Ginkgo Strikes Out Against Cognitive Decline
New results from the largest-ever clinical trial of ginkgo biloba add to the mounting evidence that Americans who spend $250 million annually on the herbal supplement are probably wasting their money: Researchers conducting the Ginkgo Evaluation of Memory (GEM) study report that twice-daily doses of 120 milligrams of ginkgo extract did no better than a placebo in slowing older adults’ rate of cognitive decline. Earlier GEM findings had debunked ginkgo’s purported protective benefit against Alzheimer’s and overall dementia, as well as most cardiovascular benefits (see the February 2010 Healthletter).
“Ginkgo biloba is marketed widely and used with the hope of improving, preventing or delaying cognitive impairment associated with aging and neurodegenerative disorders such as Alzheimer disease,” noted Beth E. Snitz, PhD, of the University of Pittsburgh, and colleagues in the Journal of the American Medical Association (JAMA). “Indeed, in the United States and particularly in Europe, ginkgo biloba is perhaps the most widely used herbal treatment consumed specifically to prevent age-related cognitive decline.”

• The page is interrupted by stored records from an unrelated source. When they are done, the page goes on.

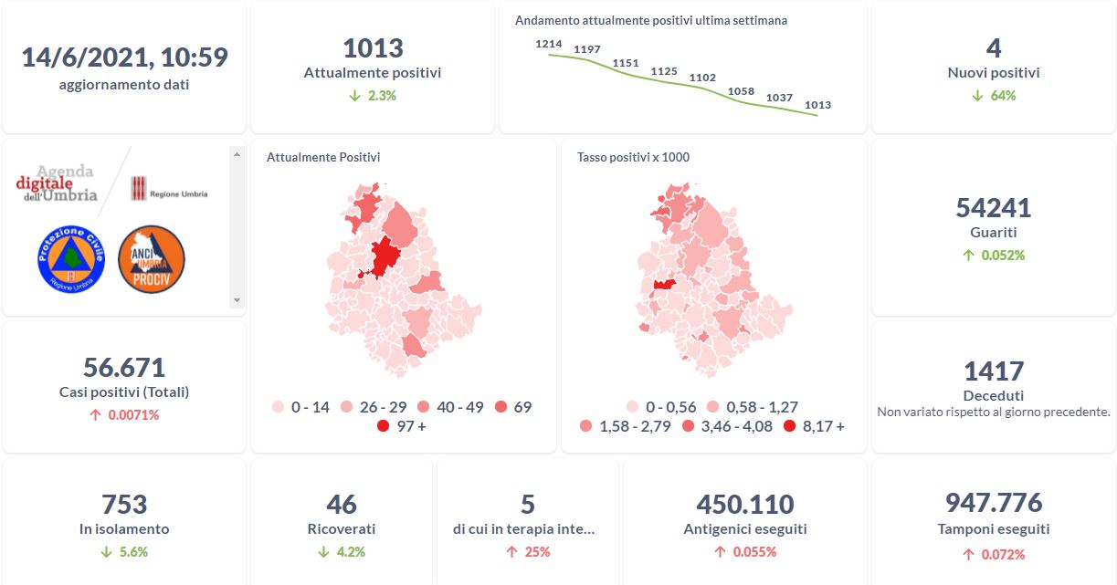 La curva degli attualmente positivi al Covid-19 in Umbria sta lentamente scendendo nelle ultime settimane. Dai dati aggiornati alle ore 10:59 di oggi 14 giugno, 56.671 persone in Umbria risultano in totale positive al virus (+ 4 rispetto a ieri) , gli attualmente positivi sono 1.013 (-24 rispetto a ieri), i guariti sono 54.241 (+28 rispetto a ieri).
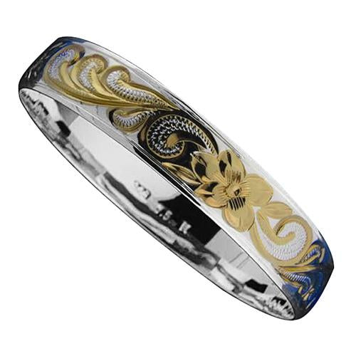 Hawaiian Sterling Silver Bangle Queen Scroll Engraving Straight Edge Yellow Gold Two Tone
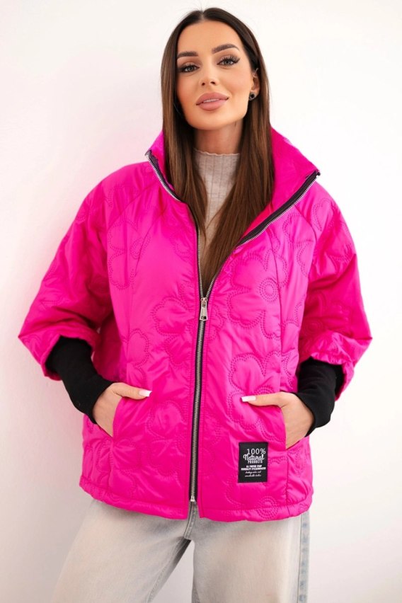 Kurtka damska wiosenna pikowana z ozdobnym tłoczeniem i zamkiem fuksja
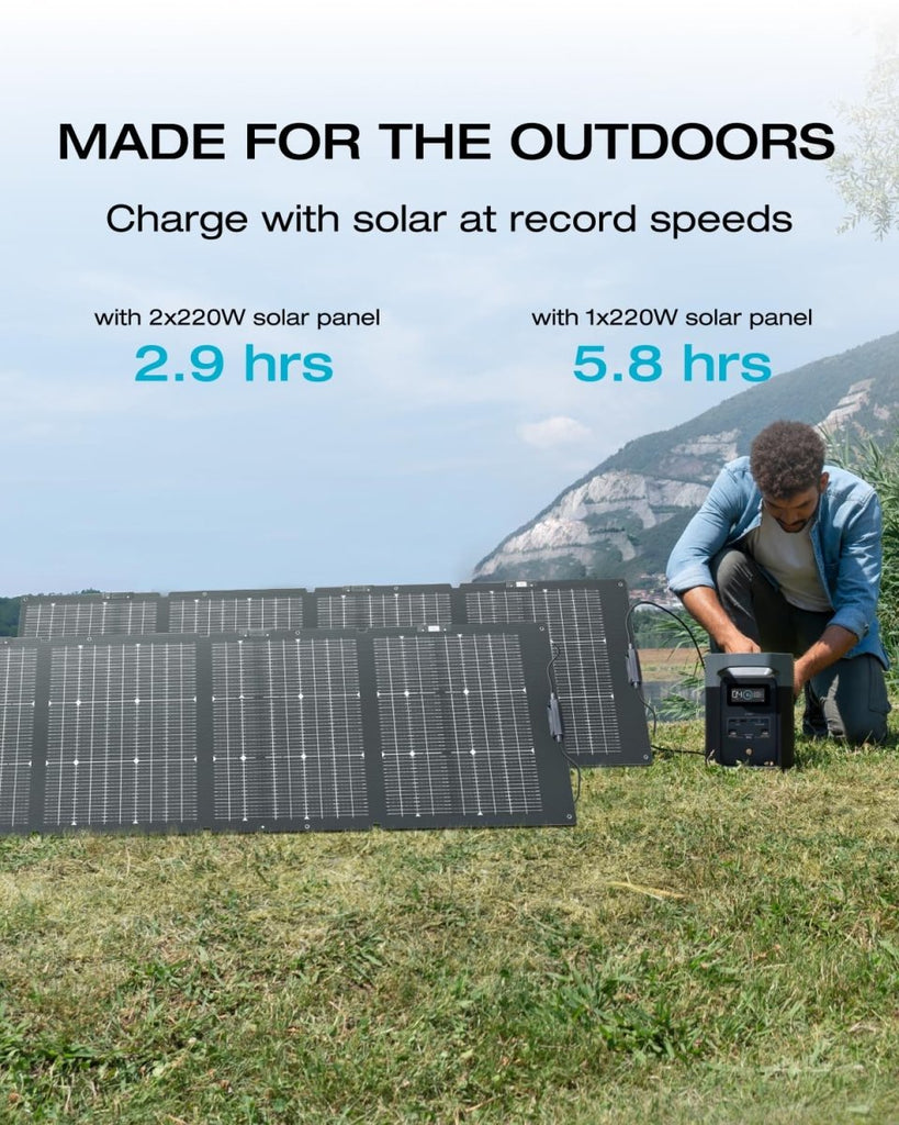 - Clean, Green Charging. With up to 500W of solar panel input, DELTA 2 is a solar generator that can be charged while camping, on an RV trip or off-grid.

The randomized, double-blind, placebocontrolled trial—considered the “gold standard” of medical research—enrolled 3,069 participants, ages 72 to 96, at six academic medical centers. At the beginning of the study, participants had either normal cognition or mild cognitive impairment. Snitz and colleagues sought to determine whether the popular herbal supplement, though already shown ineffective in preventing the incidence of Alzheimer’s and dementia, could slow the rate of cognitive decline.
Participants were randomly assigned to receive either ginkgo or identical doses of a placebo. Over an average followup of a little more than six years, researchers found no evidence for an effect of ginkgo on memory, language, attention, visuospatial abilities and executive functions. No benefit was seen, either, when results were analyzed by age, sex, race, education, genetic markers for dementia or initial cognitive status.
Snitz and colleagues concluded, “In sum, we find no evidence that ginkgo biloba slows the rate of cognitive decline in older adults.” They noted that the findings are consistent with previous smaller studies and with a 2009 review of the scientific evidence.
In an interview, study co-author Steven T. DeKosky, MD, of the University of Virginia added that ginkgo biloba is “pretty safe and it’s cheap, and it’s not like some of the things that are either really expensive or dangerous or interfere with some other meds you might be taking. But I’ve got no good reason to suggest you continue to take it beyond your own blind faith.”